This might be informally called the "pull" form
of data flow and storage. Later forms of data flow and storage, including
UML 2
object nodes, have exactly the opposite characteristics, which might
be called "push":
- Active: the presence of values in an object node initiates
downstream actions by sending inputs to them.
- Depleting: values in an object node used by an outgoing
edge are not available to other outgoing edges. This is token competition.
- Transient: values do not remain in object nodes after the
activity containing the object node terminates21.

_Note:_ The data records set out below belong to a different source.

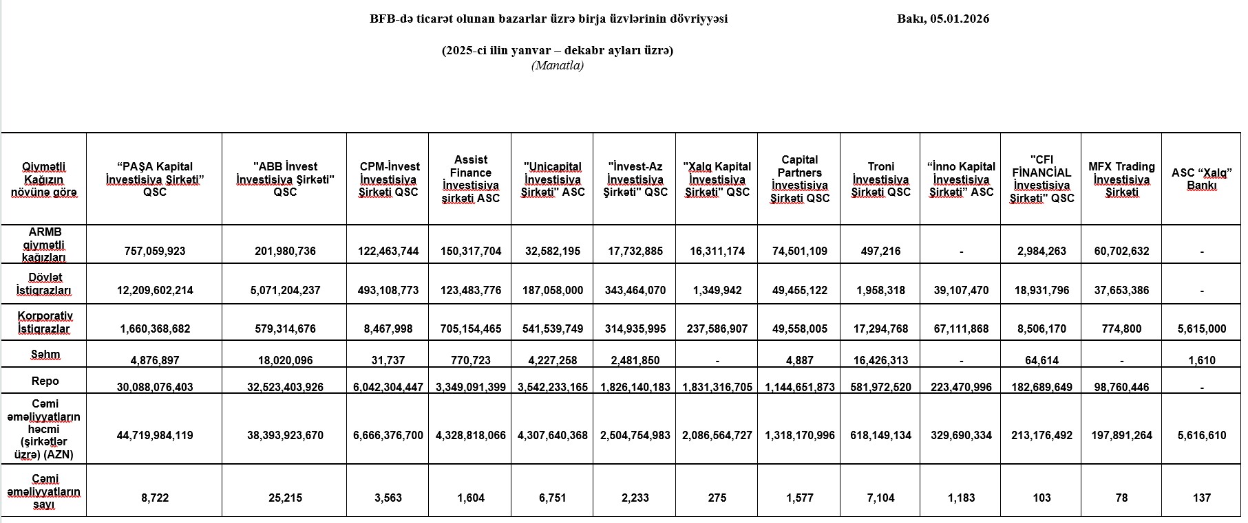 Bakı Fond Birjası 2025 BFB üzvlərinin dövriyyəsi BFB ticarət olunan bazarlar PAŞA Kapital dövriyyə ABB İnvest ticarət həcmi CPM-İnvest dövriyyə göstəricisi Assist Finance İnvestisiya Şirkəti Unicapital İnvestisiya Şirkəti İnvest-Az BFB dövriyyə Xalq Kapital İnvestisiya Şirkəti Azərbaycan fond bazarı investisiya şirkətləri reytinqi BFB statistika 2025 kapital bazarı Azərbaycan maliyyə bazarları xəbərləri Marja.az birja xəbərləri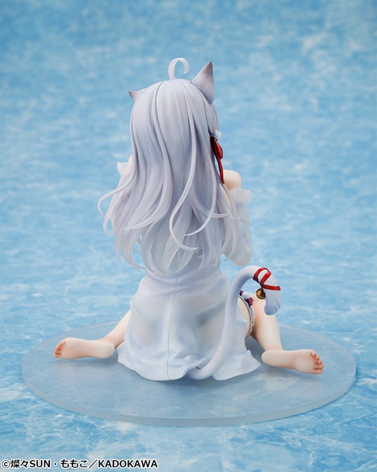 本アイテムは、原作イラストレーター・ももこ先生が原作小説のリバーシブルカバー用に描き下ろしたイラストをモチーフに、アーリャが猫耳水着姿で猫ポーズをしている姿を立体化。恥ずかしそうに上目遣いでこちらを見つめる表情を丁寧に再現!はだけたシャツもクリア素材で表現しており、ももこ先生の透明感のあるイラストの雰囲気を再現しています。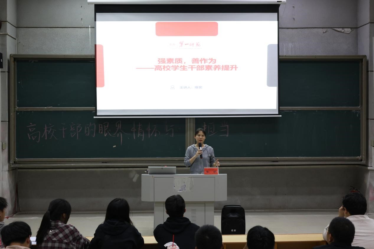 陈奕以学生干部应具备的素质为切入点,详细阐述了学生干部应具备的素养。她指出,作为学生干部,不仅要具备扎实的专业技能,更要有广阔的视野和深厚的情怀,要勇于担当,积极作为。她强调,学生干部要有积极向上、大度宽容的心态,理性分析、协调处理的能力以及勇于担责、善于担责的魄力,她还强调了做人做事要为人正直、注重诚信、善于沟通、学会尊重,要努力成为堪当民族复兴重任的时代新人。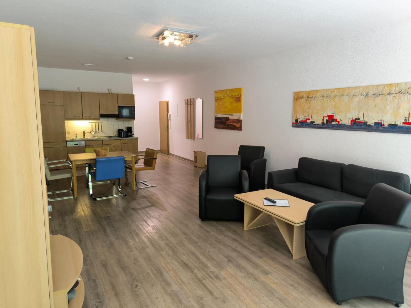 Apartment mit Terrasse. This spacious apartment is comprised of 1 living room, 1 separate bedroom and 1 bathroom with a shower. In the kitchen, guests will find a stovetop, a refrigerator, a dishwasher and kitchenware. A seating area with a TV, a coffee machine and a terrace are featured in this apartment. The unit offers 2 beds.

UML 2 data store nodes are an
attempt to support the earlier form of data flow and storage by
providing a non-depleting specialization
of object node. Tokens flowing out of data store nodes are copies
of tokens that remain in the data store node, so the values seem as
if
they are being read from the store. Tokens in a data store node cannot
be removed, though values do not remain in the store after the containing
activity is terminated, and a token arriving at a store that already
has another token for the same object replaces that token.
Selection
and transformation behaviors can be applied on edges coming out of
data store nodes to retrieve information from the store, as
if a query were being performed. For example, a selection behavior
can identify an object to retrieve and the transformation behavior
can get the value of an attribute on that object. Figure 15 shows
a personnel data store being populated by a Hire
Employee behavior,
and
read by other behaviors. Employees not assigned to projects are
selected for input to the Assign Employee behavior.
Once a year, all employees
are reviewed, using the AcceptEventAction as
a timer, described later in the series. This pattern uses traverse-to-completion
to ensure
that the employee list is read only once a year, since the stored
objects
are only retrieved when the join succeeds. 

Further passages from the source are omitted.